NOTES.md 2.8 KB

Helpful Notes on Tutela Documentation

Links that we found helpful in developing and deploying Tutela on EC2. Tutela uses a PostgreSQL database to store clusters.

Usage

Add code to your python path:

source init_env.sh

Logs

[10.28.21] Added Redis to cache queries, so we don't need to continually bug firebase. However, this is only a bandaid as this does not support fast querying.

[10.29.21] Switching to an SQL model for fast queries. Removes need for firebase and Redis.

[11.9.21] Important to keep uploading to db vs creating clusters files as separate. We also assume that the graph will be small enough to fit into memory.
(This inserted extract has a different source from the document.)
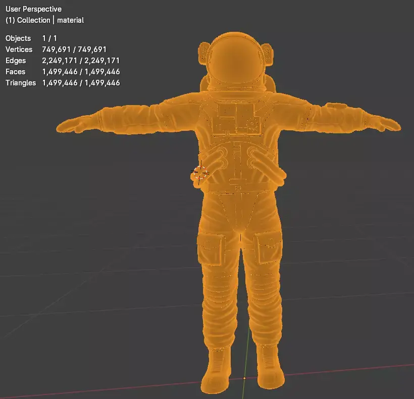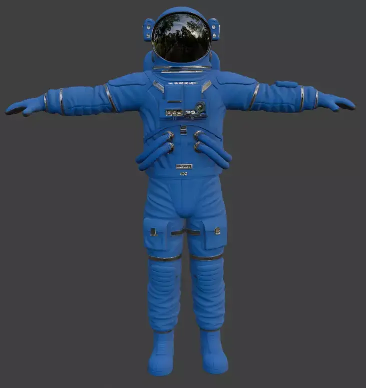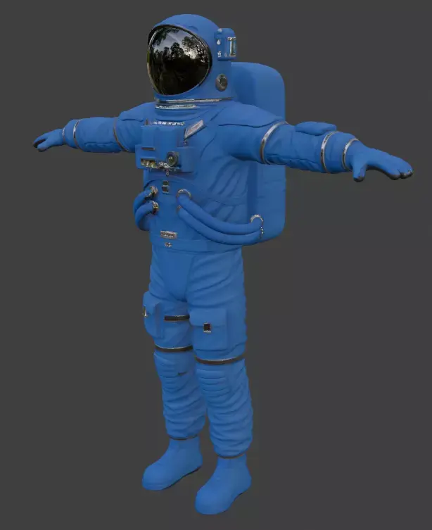 Highly detailed 3D model of a modern orange extravehicular activity (EVA) spacesuit worn by astronauts during spacewalks. Features realistic fabric folds, life support backpack (PLSS), helmet with reflective visor, gloves, hoses, connectors, pockets and authentic NASA-style details. Perfect for space station scenes, moon missions, Mars renders, sci-fi projects, VR and high-end visualizations. Clean topology, non-overlapping UVs, PBR materials ready for any render engine.

Some doubt here.

Computing clusters

Here is the procedure of steps to compute "deposit address reuse" clusters. This involves processing CSVs of > 1 Tb, so care must be taken to not exceed constraints on storage and RAM.
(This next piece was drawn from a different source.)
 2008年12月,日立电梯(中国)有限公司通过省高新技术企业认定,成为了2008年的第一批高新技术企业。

  1. Download raw block and transaction data using scripts/dl_bucket.py.
  2. Sort via external merge sort (see scripts/sort_big_csv.py).
  3. Run scripts/run_deposit.py to generate data.csv and metadata.csv.
  4. Prune data.csv -> data-pruned.csv using scripts/prune_data.csv.
  5. Prune metadata.csv -> metadata-pruned.csv using scripts/metadata-pruned.csv.
  6. Run scripts/run_nx.py to generate user_clusters.json and exchange_clusters.json.
  7. Run combine_metadata.py to generate metadata-final.csv.